→ Task brief:
Print all the data that follows exactly, images excluded.
====== Dataset excerpt
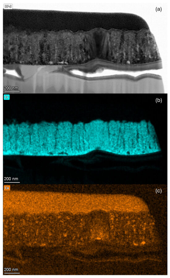Figure 12 shows the TEM analysis of the cross-section of the 50Cu-50Cr 300 sample. To obtain the image, lamella preparation was performed using a Tescan GAIA 3 FIB/SEM microscope, equipped with a Ga ion column. A 30 keV Gallium ion beam was used for the milling procedure, while the final polishing/de-amorphization was carried out at 5 keV. The final lamella thickness was below 50 nm. A protective layer was first deposited from an organometallic Pt precursor on the surface of the sample to avoid dulling of the film cross-section during ion beam etching. This platinum layer, which is not reported in the following STEM EDX maps, was produced in two steps: (a) the first thin Pt deposit achieved by electron beam at 5 kV and (b) a second massive 2 µm Pt deposit.
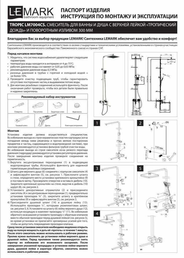 Душевой комплект Lemark Tropic LM7004СS для ванны и душа
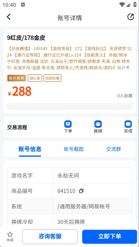 找到并点开需要的账号之后点击“立即下单”即可。
============
→ Problem solution:
Figure 12 shows the TEM analysis of the cross-section of the 50Cu-50Cr 300 sample. To obtain the image, lamella preparation was performed using a Tescan GAIA 3 FIB/SEM microscope, equipped with a Ga ion column. A 30 keV Gallium ion beam was used for the milling procedure, while the final polishing/de-amorphization was carried out at 5 keV. The final lamella thickness was below 50 nm. A protective layer was first deposited from an organometallic Pt precursor on the surface of the sample to avoid dulling of the film cross-section during ion beam etching. This platinum layer, which is not reported in the following STEM EDX maps, was produced in two steps: (a) the first thin Pt deposit achieved by electron beam at 5 kV and (b) a second massive 2 µm Pt deposit.
 Душевой комплект Lemark Tropic LM7004СS для ванны и душа
 找到并点开需要的账号之后点击“立即下单”即可。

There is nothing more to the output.